At 3.5 million metric tons, DRC has 70% of the world’s cobalt reserves, according to the UN. Around 80% of the cobalt it produces goes to China for processing today.
DRC is also Africa’s largest copper producer.
Both minerals are critical in the global switch to clean energy, as they are used in electric vehicle batteries, solar panels, and wind turbines, a field that China wants to continue dominating.
Kinshasa, however, is now dissatisfied.
In February 2023, the state audit office Inspection Generale des Finances (IGF) asked for an additional $17 billion in infrastructure investment from China, looking to make such deals fairer to DRC.

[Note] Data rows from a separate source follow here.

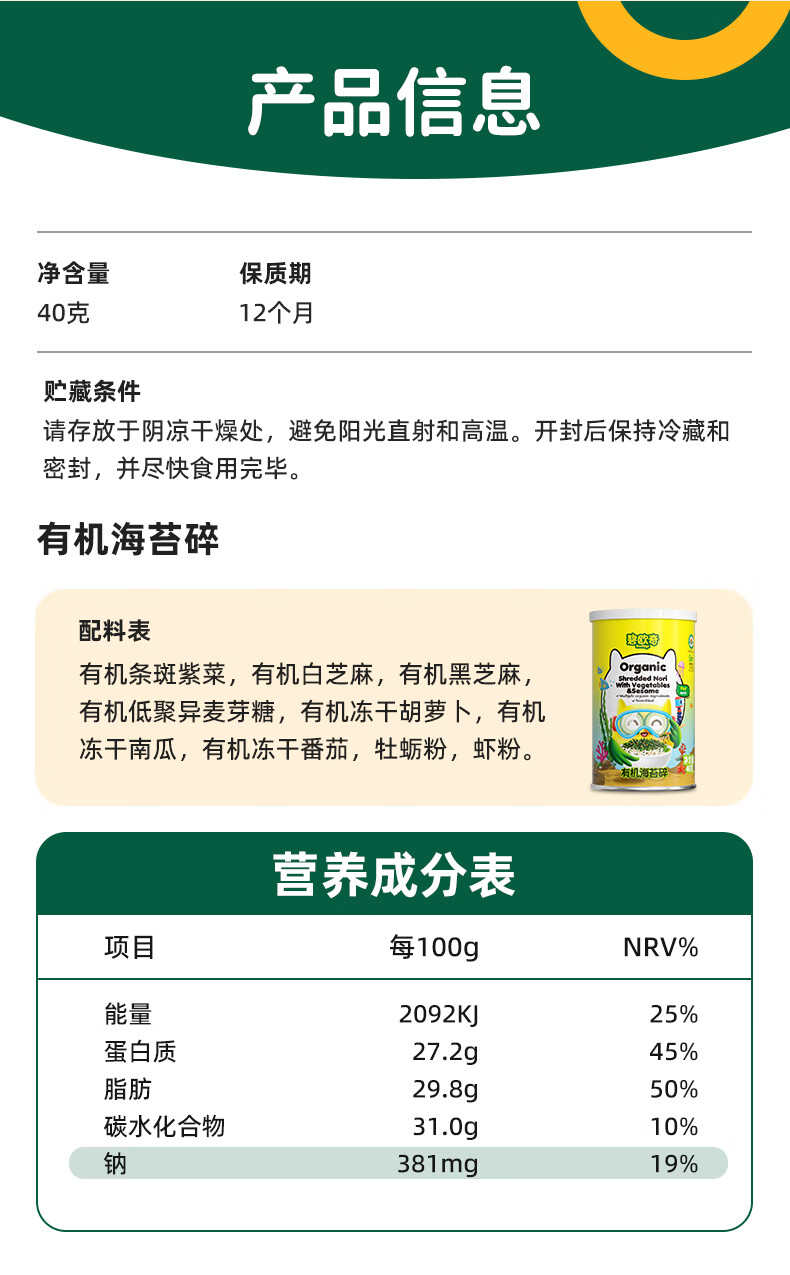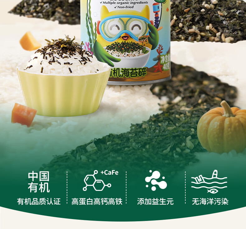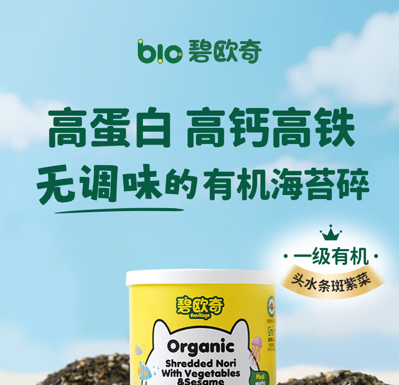 碧欧奇有机海苔拌饭碎40g 儿童拌饭料无调味高钙高铁送宝宝婴幼儿辅食谱
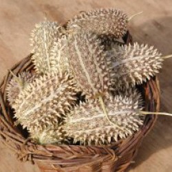 Afrikaans komkommertje, o.a. bekend onder de naam Okalopolola. Groen gemarmerde, grof gestekelde (maar niet prikkende) vruchtjes, ongeveer 5-7 cm lang en 3-4 cm dik. Leuk voor de herfsttafel! In Afrika wordt het blad gekookt of geroerbakt. Deze is bittervrij. De vrucht is alleen voor de sier.
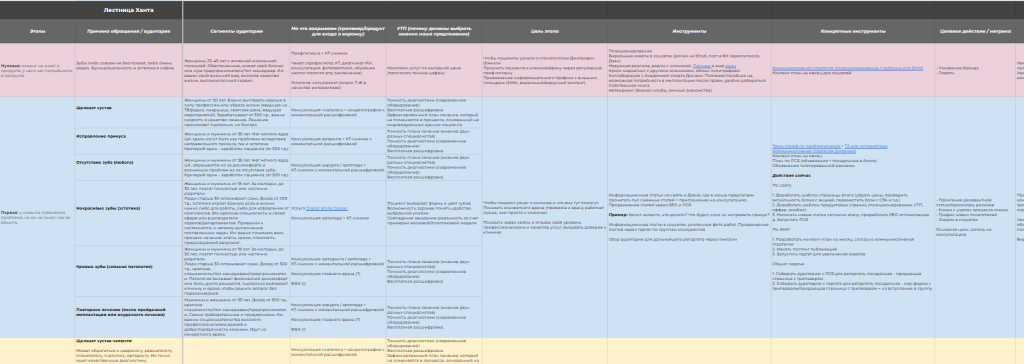 разработали CJM (карта пути клиента). Выделили сегменты аудитории, их боли и запросы. Подробно описали инструменты маркетинга и как их настроить, чтобы осознанно вести клиента от первого касания до визита в клинику;
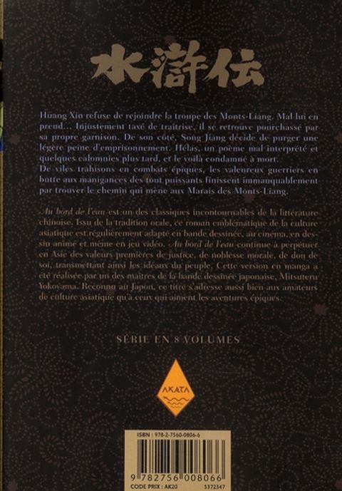 Huang Xin refuse de rejoindre la troupe des Monts-Liang. Mal lui en prend... Injustement taxé de traîtrise, il se retrouve pourchassé par sa propre garnison. De son côté, Song Jiang décide de purger une légère peine d'emprisonnement. Hélas, un poème mal interprété et quelques calomnies plus tard, et le voilà condamné à mort. De viles trahisons en combats épiques, les valeureux guerriers en hutte aux manigances des tout puissants finissent immanquablement par trouver le chemin qui mène aux Marais des Monts-Liang. Au bord de l'eau est un des classiques incontournables de la littérature chinoise. Issu de la tradition orale, ce roman emblématique de la culture asiatique est régulièrement adapté en bande dessinée, au cinéma, en dessin animé et même en jeu vidéo. Au bord de l'eau continue à perpétuer en Asie des valeurs premières de justice, de noblesse morale, de don de soi, transmettant ainsi les idéaux d'un peuple. Cette version en manga a été réalisée par un des maîtres de la bande dessinée japonaise, Mitsuteru Yokoyama. Reconnu au japon, ce titre s'adresse aussi bien aux amateurs de culture asiatique qu'à ceux qui aiment les aventures épiques.
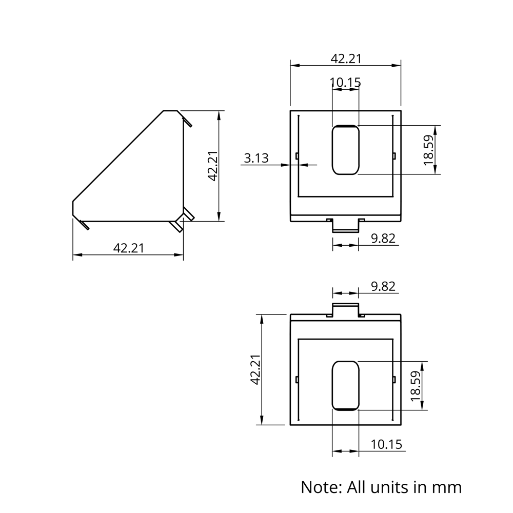 Corner Brackets are designed for use with 45 Series T-Slot Aluminium Extrusions to create strong and stable 90-degree connections. These brackets offer excellent shear, moment and torsional resistance, making them suitable for high-strength structural frameworks, machine enclosures, and modular assemblies. Their adaptability ensures a reliable connection in various configurations while maintaining ease of assembly and long-term durability. The included cover cap not only improves aesthetics but also helps maintain a cleaner assembly, making these brackets particularly suitable for applications where hygiene and appearance matter.

An IGF report released at the time showed that Sicomines had so far invested $822 million on infrastructure projects in the DRC, despite earning $10 billion from contracts in the project over the past 10 years.
IGF now wants China to increase its investment in Sicomines from the current $3 billion to $20 billion and also hire more Congolese staff.
The root of Kinshasa’s problem lies in the past
Most of these infrastructure-in-exchange-for-minerals were put in place informally by DRC’s previous government under former president Joseph Kabila between 2007 and 2008.
Some of them were even apparent barter deals with individual Chinese companies for stakes in DRC’s copper, gold, and cobalt mines.
President Tshisekedi, who will be seeking re-election in December, will use the issue in his campaign in the guise of righting the Kabila regime’s wrongs, observers have said.